Дело это поручили мне и моему товарищу Валентину Щекотихину, тоже молодому чекисту. Наш начальник, Константин Осипов, особо не выделял нас, сказав, чтобы мы занялись «прояснением» этих материлов, так как ничего более серьезного пока для нас нет. По стажу работы Валентин Щекотихин был на год старше меня, и пребывание в таком «боевом» месте, как Батуми, лишний год давало ему возможность накопить несколько больший опыт.

Худенький, щуплый, Валентин казался еще моложе своих двадцати трех лет. Ходил он быстро, как бы толчками, готовый в любой момент сорваться на бег. Он явно старался подражать Осипову, предпочитая не носить военную форму. Однако при всех своих, казалось бы, мальчишеских замашках и привычках Валентин очень вдумчиво относился к порученному делу.

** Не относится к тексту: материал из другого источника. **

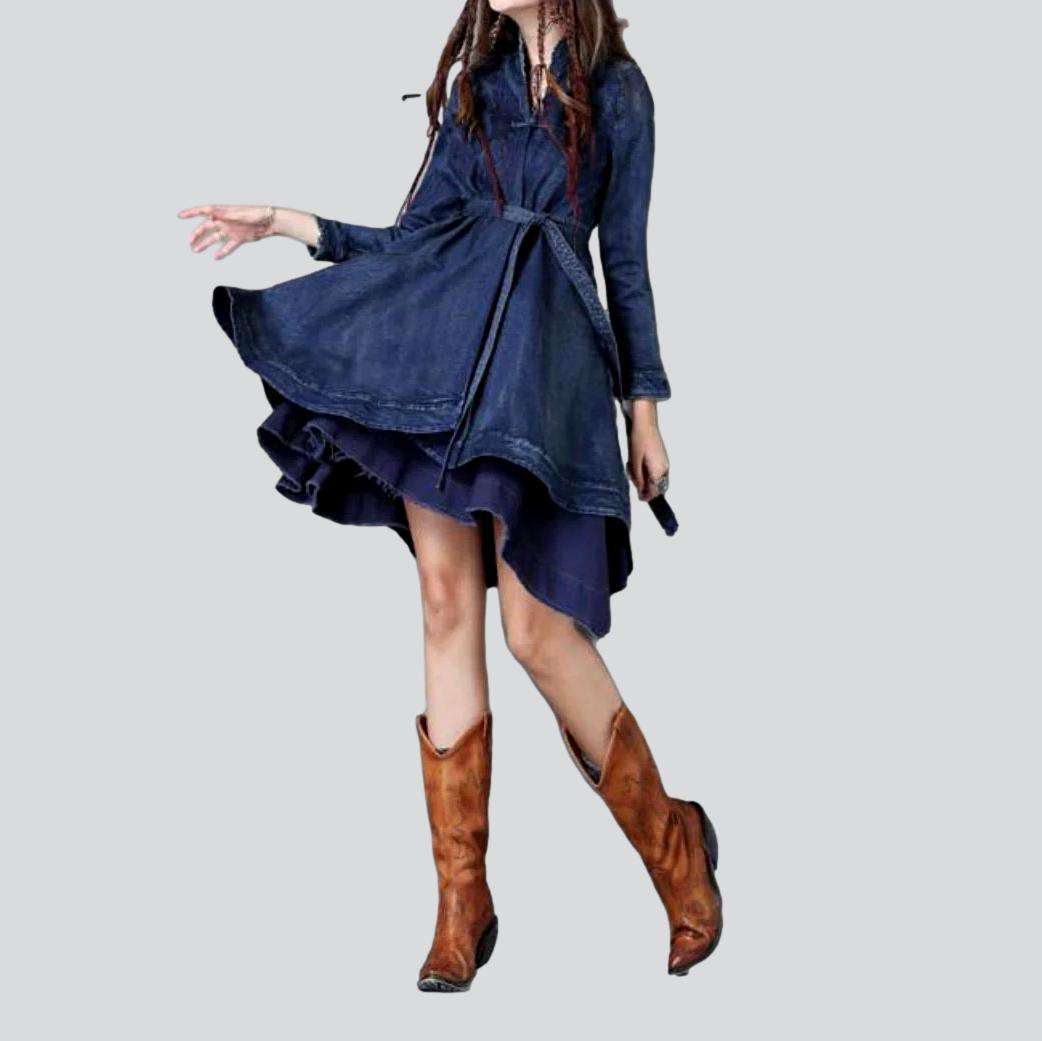 Make a statement with this enduring denim dress. Perfect for a day out with friends. a music festival. or a night on the town. you'll never be tiny on stylish textures. Whether you pair it with combat boots. heels. a graphic tee. or a delicate blouse. you'll always be the queen of the scene.

Сперва мы попытались отыскать в Батуми Алексея Авдонина. Несколько дней с утра и до вечера внимательно просмотрели все архивные дела на шоферов за последние пять лет. Для этого нам потребовалось побывать в отделах кадров учреждений и рыться в делах милицейской автоинспекции. Шоферов по имени Алексей мы установили много, но по приметам, сообщенным Нифонтом, никто не походил на ночного гостя. Этим мы исчерпали все имеющиеся возможности и вынуждены были пока заняться поисками молодой особы, якобы намеревавшейся бежать за кордон.

Мы решили начать с изучения архивных материалов ГПУ, касающихся нелегальных переходов границы женщинами. Таких дел за время с 1922 по 1929 год мы нашли всего четыре. Характерным в них было то, что ни одна из этих женщин не пыталась перейти сухопутную границу, все они выбирали путь морем. Это должно было иметь свои причины.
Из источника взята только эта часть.